Some characters know things that the others do not, and that makes things a bit confusing. The letters and journal entries are written in a loose chronology, but not exactly. The reader ends up jumping back and forth in time in places, and sometimes ends up reading the same event twice from different characters points of view.

To add to the complexity, Stoker has included many incidental characters, who all seem to speak a different form of slang English. The words themselves are confusing, and there are apostrophes appearing in odd places. Some I could figure out, such as when the text said ‘ouse, I knew it meant house. But other words were a mystery.

There is a point in the story where one of the characters that is difficult to understand is describing a storm at sea, and a boat affected by it. There were sailing terms and weather terms that were unfamiliar to me, and I ended up having to go back and reread parts just to figure out what the heck was going on.

The copy of Dracula I was reading is a Barnes and Noble Classic, and has notes in it to help describe many things in plainer English. The notes were especially helpful when Stoker was referring to different countries and cities in Transylvania, and naming off different groups of people who lived there. None of that was familiar at all. The notes also make it more clear when Stoker has his characters using railroad stations in England, some of which I was familiar with, others I had forgotten the name of.

Then there is Van Helsing. Forget anything you think you know about that character from other books and other movies. In Stoker’s Dracula, Van Helsing is an almost elderly Dutch doctor/professor. He speaks English, but puts together sentences in blocky, choppy, ways. He refers to other characters as “Friend John”. There are two characters with that name, one a John, and one a Jonathan, so it made things a bit difficult to follow in parts.

If you are determined to read Dracula, it does get a bit better, once you get through these difficulties with the language. The action is really slow and subtle, however, so, don’t expect a big, exciting, fast moving, vampire story with this one.

In fact, don’t assume that this book is much like the movie that was based on it called “Bram Stoker’s Dracula“. (It had Winona Ryder and Keanu Reeves in it, and Gary Oldman as Dracula). The movie is only loosely based on the events in the book, and moves the story along much faster.

I am glad that I did struggle through this book, because it really is the Father of all other vampire books. If I ever read it again, I think I am just going to skip over many of the more confusing parts!

There was one thing I found to be really interesting.  Lucy, one of the main characters, gets bitten by Dracula. She gets sick, and, since the other characters do not know about Dracula, or that he had bitten Lucy, they do not know that she is basically turning into a vampire. They notice that she is very white, and withdrawn, and sleeping all day long.
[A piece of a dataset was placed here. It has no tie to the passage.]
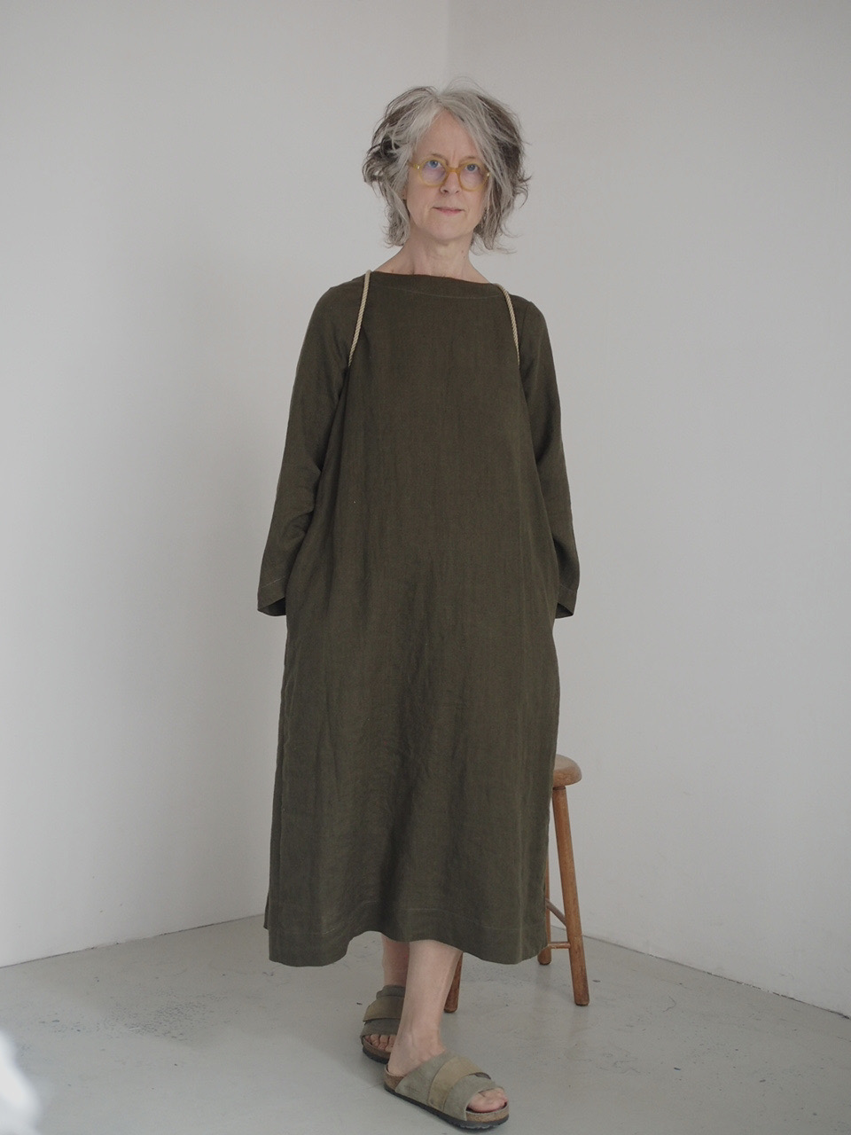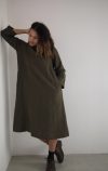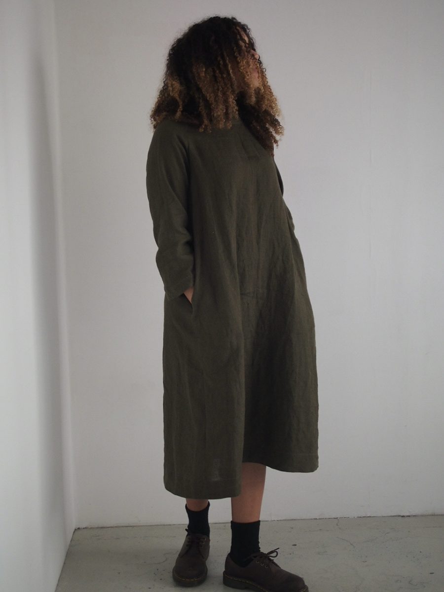 Mid calf length with bracelet length sleeves and pockets set into the side seam

Van Helsing, and Seward, two doctors who are friends of hers, consult. They decide that she needs to be given blood. So, they simply find the strongest man they can, Arthur, the man she is engaged to, and take blood from his veins and put it in her veins.
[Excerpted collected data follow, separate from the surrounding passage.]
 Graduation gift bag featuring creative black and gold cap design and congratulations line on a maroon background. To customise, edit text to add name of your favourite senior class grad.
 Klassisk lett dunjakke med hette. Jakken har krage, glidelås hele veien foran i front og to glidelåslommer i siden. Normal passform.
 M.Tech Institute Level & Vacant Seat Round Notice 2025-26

Lucy does not get better, and, before long, she has been given blood from another suitor, Quincy Morris, and from John Seward, (who wanted also to marry Lucy, but was refused), and eventually from Van Helsing himself.
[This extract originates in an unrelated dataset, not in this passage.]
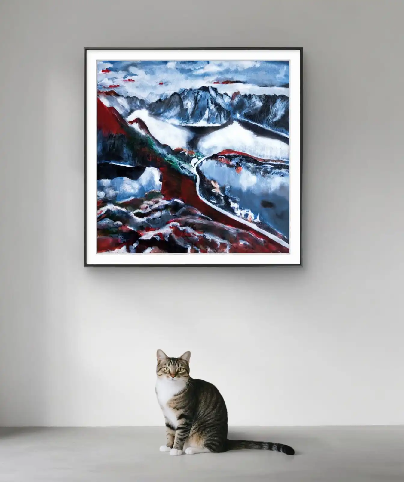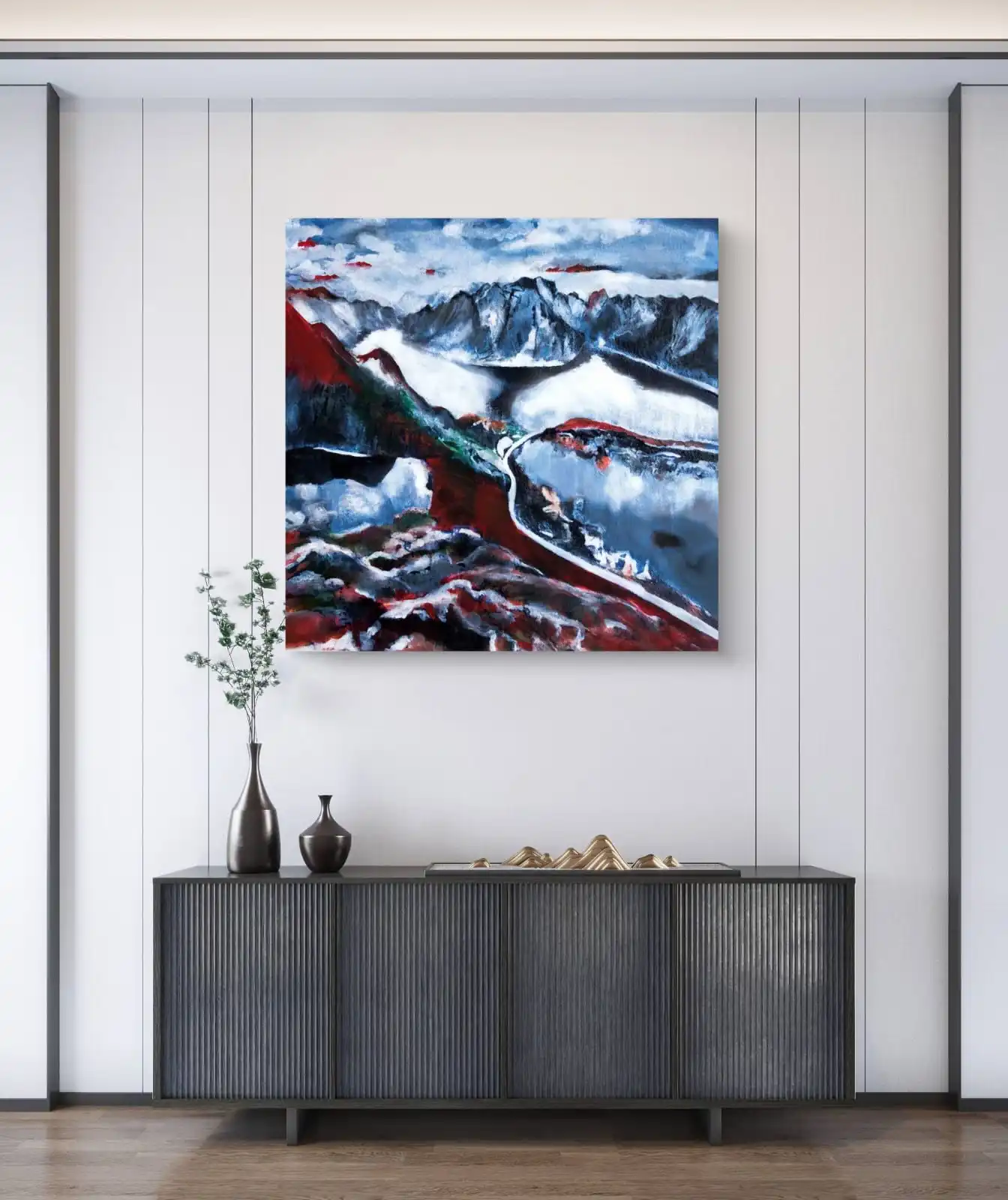 Snow Mountain Ridge is a dramatic acrylic landscape with snowy mountains, red rocky paths, and strong textures. Available as a premium cotton canvas print in multiple framing styles.

Not one single word is mentioned about what blood type any of them have! Perhaps this is because Stoker himself did not have knowledge about different blood types, and the possibilities of bad things happening if you give blood to someone with a different type than yours. Maybe he wrote this book before all that was discovered? I don’t know. I kept waiting to hear that Lucy died from the blood, figuring that was what was going to happen next.

I was also pretty amazed that three of the four men who help Lucy are all in love with her. (Van Helsing cares for her, but isn’t interested in marriage or anything like that). Arthur, Seward, and Quincy are all rivals, and all know it, and yet, all work together without any conflict at all to help her. It seems to me that someone turning into a vampire because of a bite is more likely to happen than three men who all want the same woman to work together to help her without even one fight happening!